Combat engineer battalion of the Puerto Rico Army National Guard

The 130th Engineer Battalion (130th EN BN) is a combat engineer battalion of the Puerto Rico Army National Guard allocated to the 101st Troop Command. The 130th is one of the most decorated battalions of the Puerto Rico National Guard with two Presidential Unit Citations, one Meritorious Unit Commendation, thirty five Purple Hearts, one Silver Star Medal, twenty six Bronze Star Medals, and four hundred and sixty nine Army Commendation Medals.

== History ==
Constituted 6 February 1959 in the Puerto Rico Army National Guard as the 126th Engineer Battalion.
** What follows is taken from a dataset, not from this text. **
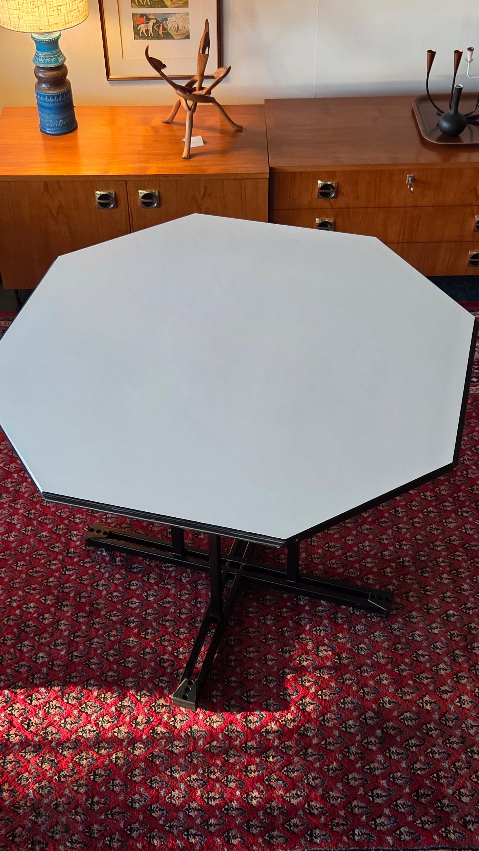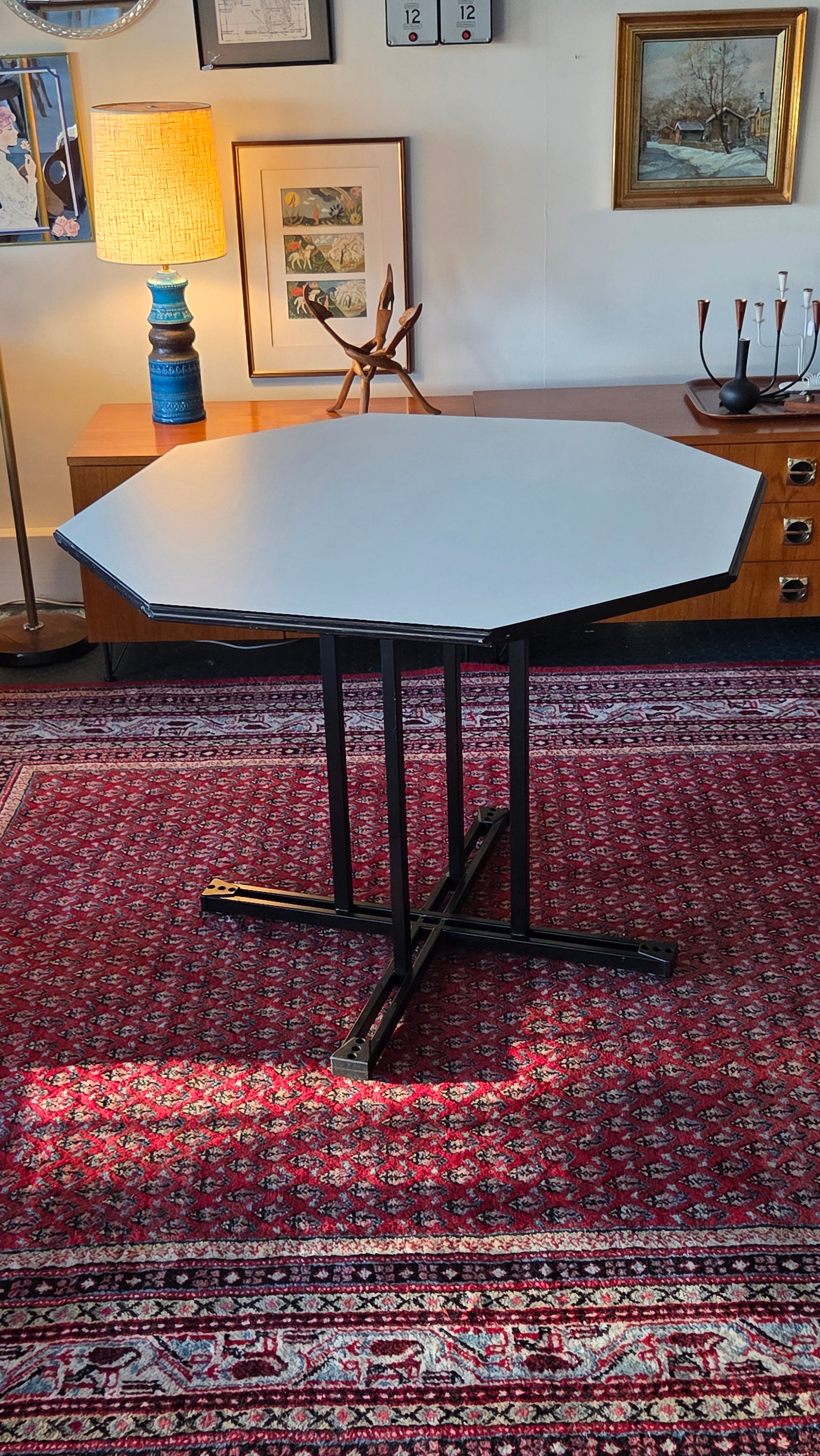 Pöydässä on kahdeksankulmainen laminaattikansi, musta metallijalka.

Organized and Federally recognized 15 February 1959 from existing units with headquarters in Carolina, Puerto Rico.

Redesignated 1 May 1959 as the 130th Engineer Battalion.

Location of headquarters changed 31 December 1967 to Vega Baja, Puerto Rico.

Ordered into active Federal service 11 February 2003 at home stations; released from active Federal service 21 May 2003 and reverted to territorial control.

Ordered into active Federal service 23 July 2006 at home stations; released from active Federal service 18 January 2008 and reverted to territorial control. The 130th Eng. Bn. completed more than 1,500 combat patrol missions in Iraq, more than 44,000 miles of roads traveled and recon, 16,500 interrogations conducted, 7,300 hours expended in IED search throughout Baghdad and found and deactivated more than 280 IEDs.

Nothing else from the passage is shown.